No news is bad news” è la recente pubblicazione sulla valutazione dei rischi diffusa dalla European Coalition for Corporate Justice (ECCJ) con il contributo di Business and Human Rights Resource Centre e organizzazioni quali Levin Sources, ABN AMRO, APG, ING, Robeco and Morningstar Sustainalytics.

[di Rebecca Vergine]

Il bollettino, risultato di varie sessioni di discussione, ha come target le organizzazioni e le istituzioni del settore finanziario che operano in Europa e come obiettivo dimostrare l’importanza di una valutazione efficace del rischio per gli investitori e i clienti, strumento fondamentale per prendere decisioni in ambito finanziario. La valutazione comprende non solo i rischi finanziari, ma anche i rischi legati ai diritti umani e all’ambiente, connessi con le scelte di investimento, di operazioni e value chains che sceglie il cliente.

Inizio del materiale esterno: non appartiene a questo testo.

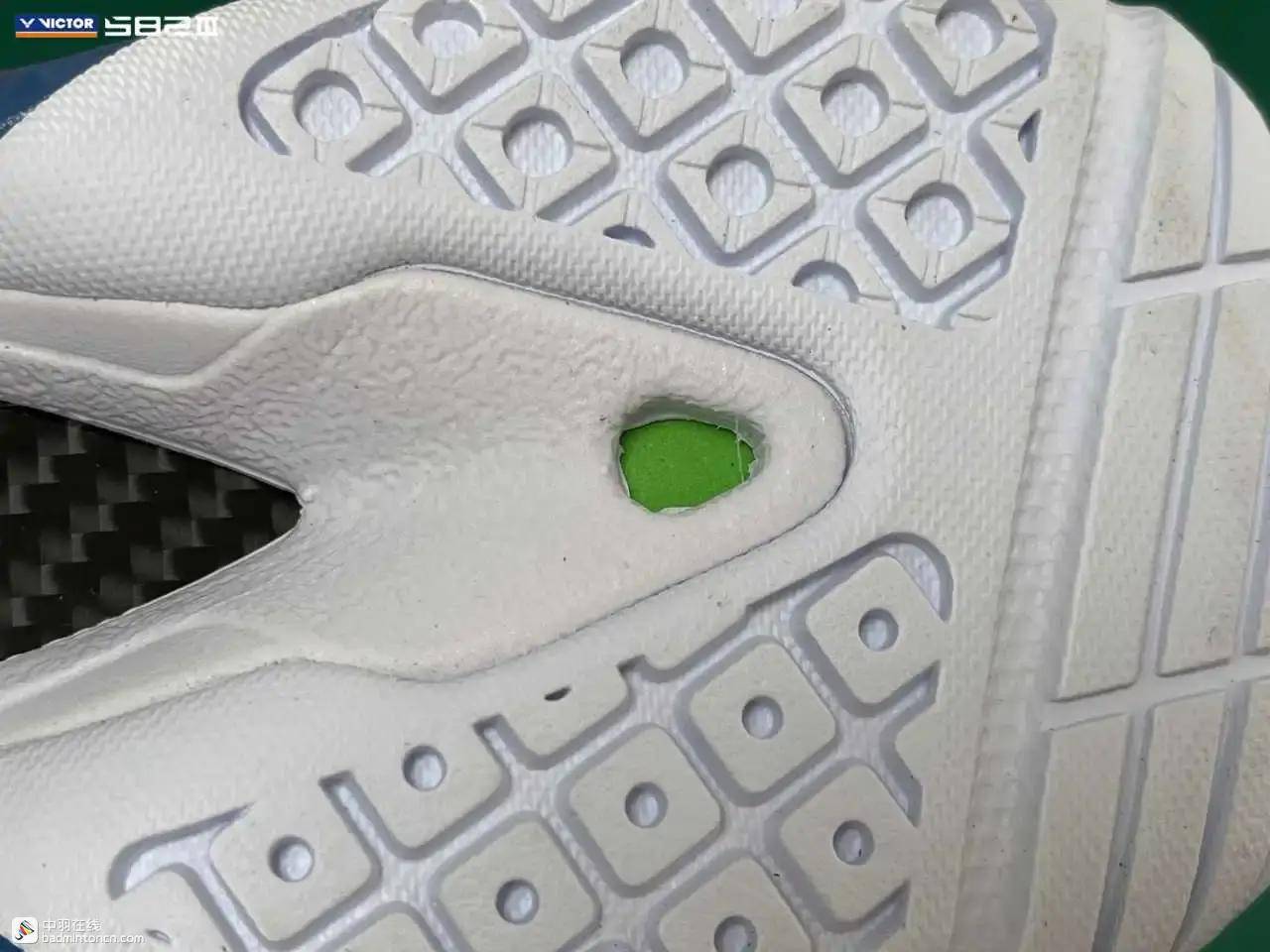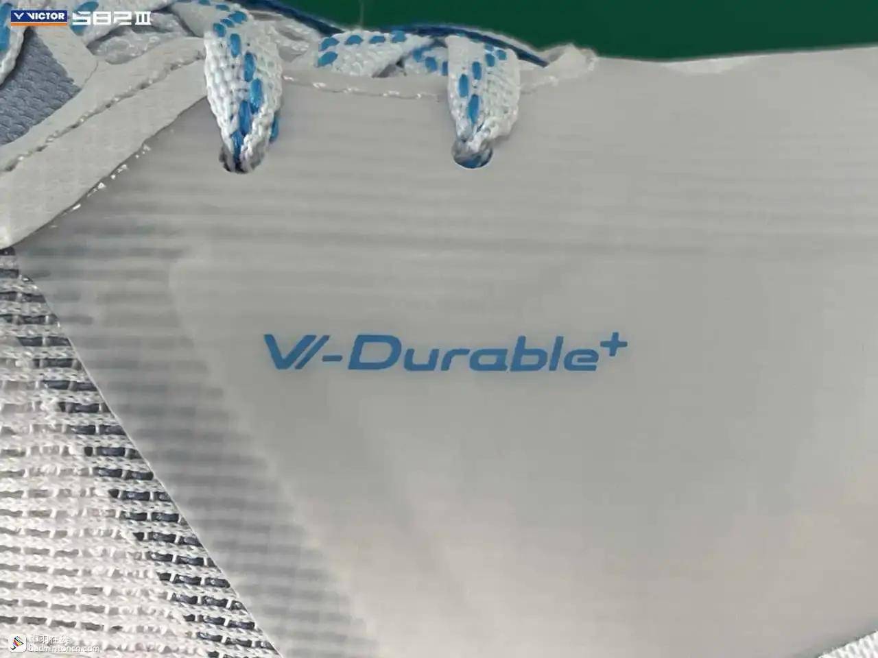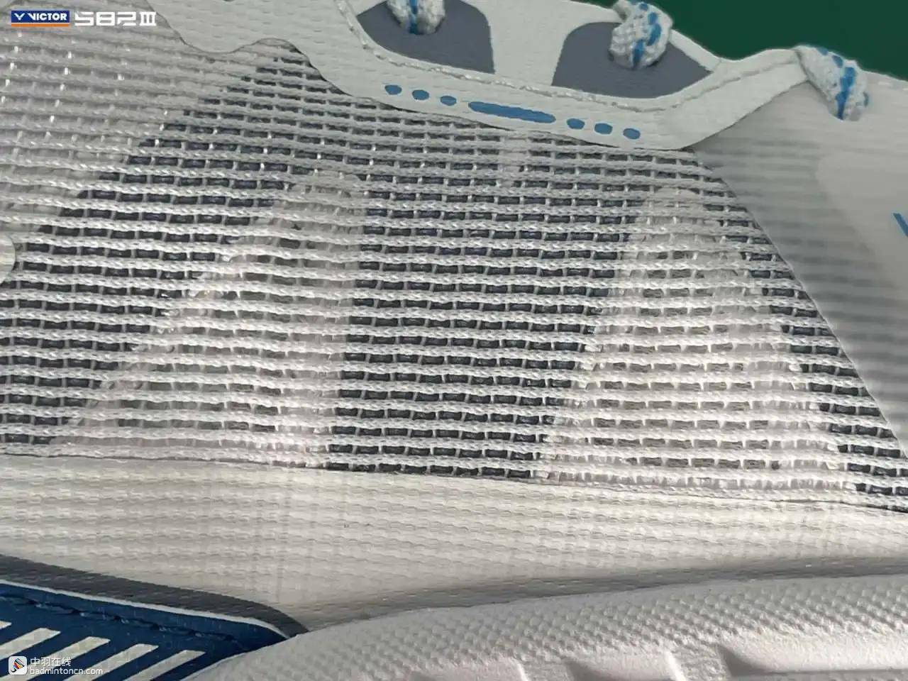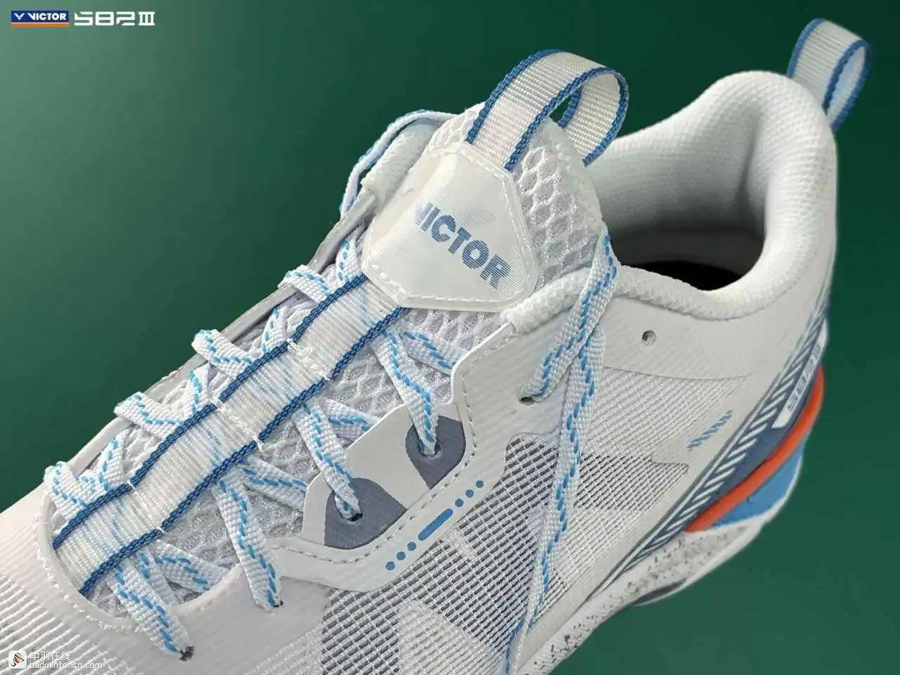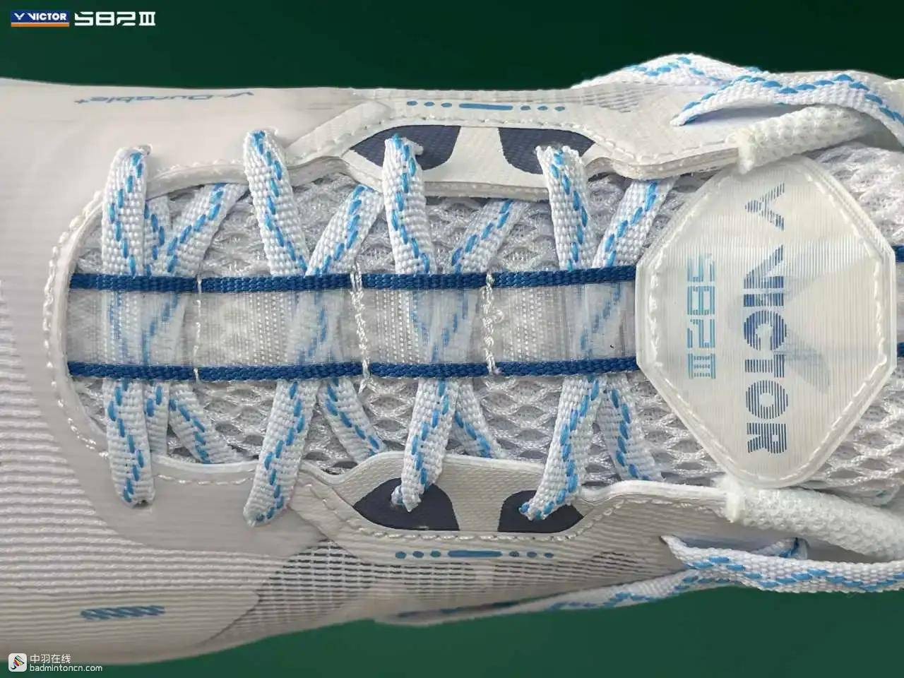从大底到鞋面、鞋舌,S82 Ⅲ大面积采用白色,视觉一体感出色。前端外侧白色的PU革上,深蓝色的威克多LOGO在醒目的同时也显得低调朴实。

L’idea alla base del testo è l’importanza del riconoscimento della responsabilità che hanno le aziende e imprese nel valutare i rischi legati alle loro attività e la responsabilità di rispettare i diritti umani nel loro operato.
Una efficace valutazione dei rischi nel settore finanziario è di fondamentale importanza per contrastare la costante carenza di informazioni relative ai diritti umani causata dalla restrizione degli spazi civici in cui investitori operano e lavorano. La mancanza di queste informazioni è la “bad news” della situazione, in quanto causa un aumento dei rischi e degli impatti negativi per investitori e clienti.

La pubblicazione della ECCJ ha dunque come scopo portare avanti il dialogo su un tema sempre più importante nel panorama finanziario odierno, in cui il rafforzamento delle valutazioni di rischio ambientale e dei diritti umani stanno assumendo sempre più rilevanza per la creazione di una futuro sostenibile e una società equa.

La pubblicazione comprende tre osservazioni che possono rivelarsi utili ad aziende e imprese che vogliono muovere passi avanti sul tema e limitare i loro rischi:

  1. coinvolgimento di attivisti e vittime di abusi di diritti umani per meglio comprendere i rischi associati a determinate attività;
  2. creazione di una raccolta condivisa di informazione sui rischi;
  3. lo sviluppo di uno spazio per la promozione di specifica e specializzata conoscenza in diritti umani e rischi ambientali.

    Il bollettino, inoltre, comprende alcuni ‘drivers’ chiave per le imprese per l’adozione di misure rivolte a limitare i rischi, i quali includono, tra gli altri, allinearsi a standard globali di due diligence, limitare gli abusi di diritti umani, aumentare gli sforzi per combattere il cambiamento climatico. Al suo interno si possono trovare anche una serie di indicazioni che aiutano aziende e imprese a capire se, negli spazi in cui operano, esistono rischi legati ad abuso di diritti umani e dell’ambiente, oltre a una serie di linee guida per enti e aziende su come gestire i questi rischi.